Изменить стиль страницы

Единственное чему он порадовался, так это видам на новый урожай. А потому перед отъездом сложил оптимистичные строфы:

Я прошлое помню смутно и проклинаю его,
Дом я давно оставил, тридцать два года назад.
С тех пор рабы и крестьяне восстали под знаменем красным
И, взяв оружие в руки, разбили тирана[134] войска.
Их жертвы лишь укрепили решимость нашу и волю,
И мы зажигаем звезды на небосклоне новом.
Мне радостно видеть нивы, бегущие вдаль волнами,
И тружеников-героев, идущих домой в ночи276.

Но все же радовался Мао преждевременно. Впереди всю страну да и его самого ждали новые испытания. Ничего не ведая об этом, он направился из Шаошани в Ухань, а оттуда на пароходе в город Цзюцзян (провинция Цзянси). Недалеко отсюда, в высокогорном курорте Лушань, он решил провести расширенное заседание Политбюро (совещание «святых», как он сам его в шутку называл277).

Он прибыл в Лушань 1 июля и разместился в двухэтажной каменной вилле Мэйлу («Красивая хижина») в районе Гулинь (улица Хэдун, 180). Раньше этот дом принадлежал жене Чан Кайши, Сун Мэйлин, и супруги Чан очень любили здесь отдыхать. Над парадным входом можно было еще разобрать написанный рукой Чан Кайши иероглиф «мэй». К моменту приезда Мао его еще не успели как следует замазать — в отличие от иероглифа «лу». Мао побродил по окрестностям, с удовольствием поплавал в небольшом водоеме с прозрачной водой, полюбовался красивыми горами и, с наслаждением втянув в себя чистый воздух, неожиданно вспомнил о Хэ Цзычжэнь. Когда-то давным-давно в этой же провинции, только за много ли от Лушани, в таких же зеленых горах он встретил ее — молодую и гибкую, как стебель лотоса. И вот прошло уже более 30 лет. Как быстро они пробежали! Ему вдруг страстно захотелось вновь увидеть Цзычжэнь, но он сдержал себя и лишь через несколько дней поручил жене охранника съездить за ней и привезти ее в Лушань.

Цзян Цин находилась тогда в Пекине, и с ней у Мао давно уже, года четыре, были сугубо формальные отношения. Каждый жил своей жизнью и не досаждал другому. Прежняя привязанность к некогда любимой жене прошла, осталась привычка. А возможно, еще и потребность иметь при себе преданного человека, каковым Цзян Цин, безусловно, была. Цзян, правда, много времени занималась своим здоровьем, по нескольку месяцев в году проводя на курортах Куньмина (столицы юго-западной провинции Юньнань), Циндао или Кантона. Она действительно одно время была серьезно больна: в конце 1956 года у нее обнаружили рак. Она вновь лечилась в Советском Союзе, а затем и в Китае и в конце концов пересилила болезнь. Но все пережитое сильно сказалось на ее характере: она стала раздражительной и нервной. То и дело скандалила с докторами, медсестрами и охранниками и говорить могла в основном лишь о своих болезнях278.

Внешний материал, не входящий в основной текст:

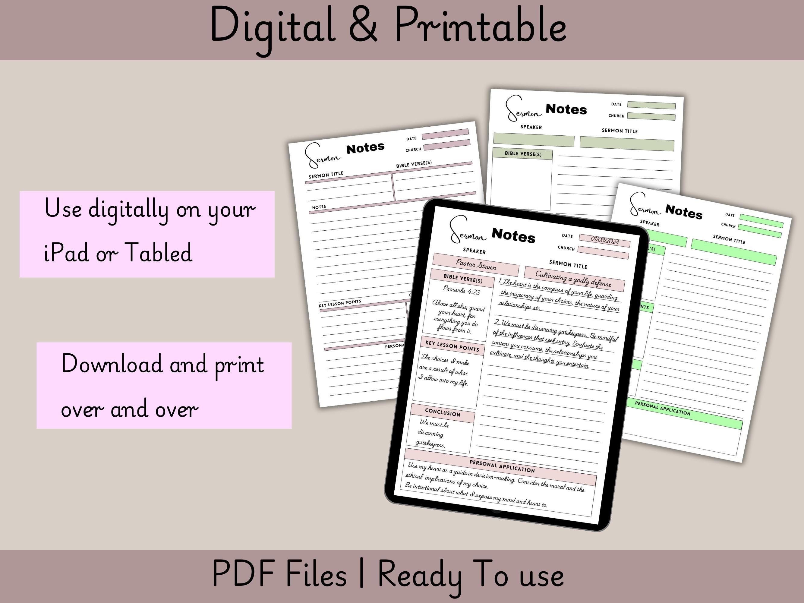 Printable Sermon Notes Template Digital Sermon Notes Journal Etsy

Мао старался не волновать ее, а свои сексуальные потребности решал с бесчисленным количеством встречавшихся на его пути очаровательных девушек. Больше всего он любил танцовщиц из ансамбля песни и пляски Народно-освободительной армии.

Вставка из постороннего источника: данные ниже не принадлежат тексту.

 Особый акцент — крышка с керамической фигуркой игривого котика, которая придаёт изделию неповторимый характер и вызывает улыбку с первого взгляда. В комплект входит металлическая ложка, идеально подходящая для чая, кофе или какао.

Желание увидеть Цзычжэнь пришло к нему неожиданно, под впечатлением от цзянсийской природы. Его бывшая жена жила тогда в столице Цзянси — Наньчане, часах в четырех езды от Лушани. Выглядела она не лучшим образом. Встретившись с ней, Мао не мог скрыть грусти. Цзычжэнь явно была не в себе, то и дело говорила невпопад. О чем шла их беседа, неизвестно, но, проводив ее, Мао сказал охраннику: «У Хэ Цзычжэнь что-то с головой не в порядке… Надо обратить внимание на ее состояние и завтра же увезти ее из Лушаня… До отъезда не отходите от нее ни на шаг. Будет плохо, если она случайно встретит кого-нибудь из знакомых»279.

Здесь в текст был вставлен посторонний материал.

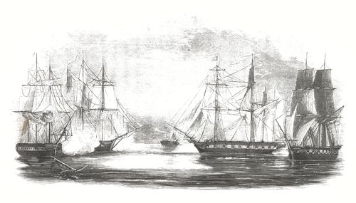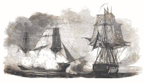 The Cabinet resolves to shut up our ships of war in port — Remonstrance of Captains Bainbridge and Stuart — Rodgers ordered to sea — Feeling of the crews — Chase of the Belvidere — Narrow escape of the Constitution from an English fleet — Cruise of the Essex — Action between the Constitution and Guerriere — Effect of the victory in England and the United States — United States takes the Macedonian — Lieutenant Hamilton carries the captured colors to Washington — Presented to Mrs Madison in a ball-room — The Argus — Action between the Wasp and Frolic — Constitution captures the Java — Hornet takes the Peacock — Effect of these Victories abroad, 125
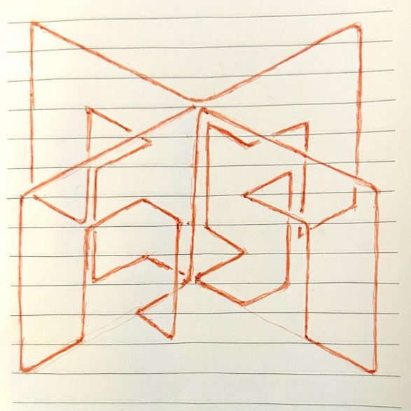 239Marin Kasimir dessine One Line, « une seule ligne ininterrompue de 69 m, 36 fois pliée régulièrement et perpendiculairement dans l’espace ». Géométrique, cette sculpture de 3,20 m de haut suggère des murs, un sol, des portes ouvertes.. Le regard perçoit d’abord le tracé du métal sur le sol blanc, puis se trouble à mi-hauteur, découvrant le fil du trait devenu blanc sur le fond forestier. Les dimensions, les proportions et l’inscription dans le décor naturel invitent le promeneur à investir l’œuvre en en faisant l’expérience physique.
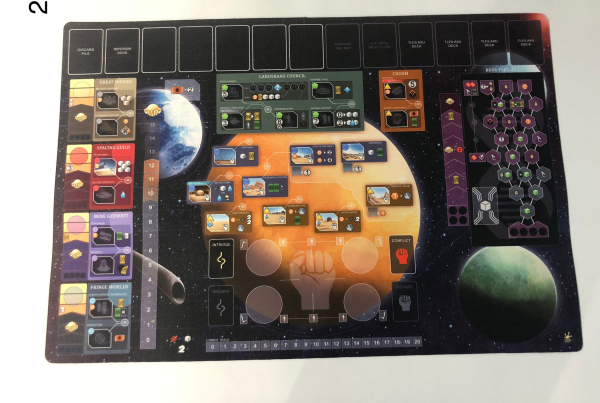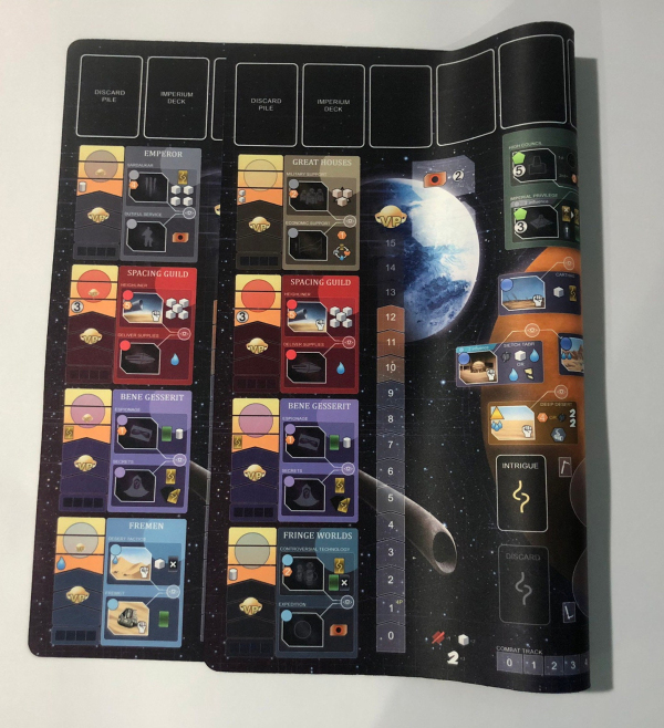 Printed on both sides, black rubber core. This Dune Uprising play mat will make your game night a hit! Support for Immortality and Immortality 5-6 player, as expansion content is on the mat.

Больше они никогда не виделись.

А через несколько дней на совещании Мао испытал еще один стресс. И этот новый удар был гораздо сильнее, чем от встречи с Цзычжэнь. 14 июля он получил письмо от своего министра обороны Пэн Дэхуая, в котором содержалась критика «большого скачка». Пэн, правда, высказывался весьма осторожно, «великих достижений» не отвергал и на самого Председателя, естественно, прямо не нападал, но за всеми его рассуждениями сквозило явное недовольство маоцзэдуновским волюнтаризмом. Он писал об «определенной путанице» в вопросах собственности, о «довольно большом ущербе» от «всенародной выплавки стали» (без малого два миллиарда юаней), о «поветрии бахвальства», охватившем руководящие кадры, а также о «мелкобуржуазном фанатизме». «Все это было своего рода левацким уклоном», — подытоживал он и призывал «провести четкую грань между правдой и ложью».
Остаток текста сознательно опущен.